Posted: March 16, 2015, 10:13 a.m.
by Esther Workman.
Public relations is a female-saturated industry dominated by males. But not for long.
According to a 2010 Ragan study, the PR industry is 85 percent female, and yet, 80 percent of upper-level management is male. Those numbers are overwhelming. How and why do 15 percent of industry practitioners overcome such great odds and find themselves at the top of the PR food chain?
Peter Sparber, founder and owner of Sparber and Associates Inc., said, “You still see a lot of it [gender inequality] in industries. I don’t really understand it. You do your work, meet your goals, and you get promoted. It has nothing to do with gender. I am astonished when I hear statistics like that because I just don’t get it.”
Regardless, men have always found their way to the top. Hundreds of years ago when men were out hunting and gathering, the women were left behind to survive as a group. Maybe that is where we learned the importance of communication and why our industry is predominantly female.
Many studies have shown women are better communicators than men. PR Daily spoke to Aaron Perlut, managing partner of Elasticity, who said that a woman’s ability to communicate gives her a unique skill in public relations. Female practitioners have a special willingness to understand their target audience and deliver what their audience needs.
“I think women are better at maintaining relationships not only with clients but with employees as well. While men tend to have the big picture ideas, women do that along with handling the details, providing strategy, maintaining relationships and executing plans — all essential qualities in having a successful PR career,” said Mary Elizabeth Roberson, an account supervisor with Peritus PR.
The National Communication Association states that women are more flexible and can adjust their communication depending on who they are speaking to, while men are more consistent across situations. Part of being an influential manager is asserting authority through strong communication and knowing how to handle a variety of situations.
Public relations is a business designed to target earned media opportunities through press releases, email pitches and proposals. A female’s command of language allows her to reach journalists and publishers in a more effective and comprehensive way.
While it is impossible to generalize that all women have better communication skills than men in the industry, it is an interesting concept when considering the future of public relations leaders and anticipated changes in the workforce as a whole.
In 2012, the Plank Center for Leadership in Public Relations conducted a cross-cultural study of leadership in public relations and communications management prepared by Dr. Bruce Berger. The findings are as follows: participants indicated strongly that women and men can be equally capable leaders; however, more men and women indicated they preferred to work for a male leader.
“Perhaps women and men feel that a male leader is likely to be more straight forward,” Berger said. “Perhaps they feel men have better connections at higher levels and can open doors and facilitate social connections that will be advantageous.”

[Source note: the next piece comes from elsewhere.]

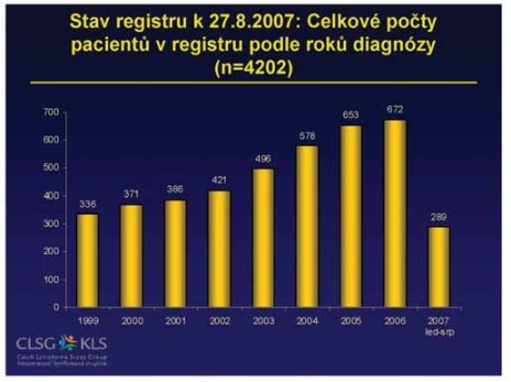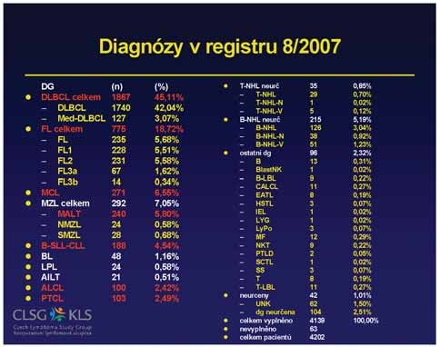 Jde o údaje z Národního onkologického registru (NOR), které jsou populační a nezabývají se histologickými podtypy lymfomů s rozdílným biologickým chováním a léčbou. Pro analýzu distribuce jednotlivých jednotek lymfomů bylo využito dat z registru Kooperativní lymfomové skupiny (KLS), které byly aktualizovány do srpna 2007. Kooperativní lymfomová skupina (Czech Lymphoma Study Group - CLSG) byla v ČR ustavena na základě domluvy skupiny pracovišť v roce 1998. Jedním jejím cílem bylo zřízení registru nemocných s NHL, který začal fungovat od roku 1999. Tento registr je zaměřen především na distribuci jednotlivých typů lymfomů, jejich charakteristiky a přežití.

As luck would have it, male dominance is on the downslope according to an article published by The Atlantic. More women than men are graduating from college with degrees, and of the 15 professions projected to grow the most in the next decade in the United States, all but two are occupied primarily by women, one of them being public relations.
More female professionals in our industry could mean a power shift in the coming years. A 2008 study by Columbia Business School and the University of Maryland found that firms that had women in top positions performed better and were more innovative. These changes are validated by a female’s empathy, lateral-thinking and consensus-seeking capabilities.
“There will always be the glass ceiling, but I think more women are identifying opportunities to break this glass ceiling and finding ways to achieve the work/life balance,” Roberson said.
Rather than hoping for progression, these women are paving their own ways to success.
And men are taking notice.
“Communication is more about listening than talking. And women are great listeners,” Sparber said. “I came to depend on the women in my firm as anchors in the storm. They were calm, confident and competent. They simply got it done.”
The public relations industry is due for a change. While men have previously been successful leaders, females are taking a stand for themselves and what they do best.
“The best communicators are agents of change.”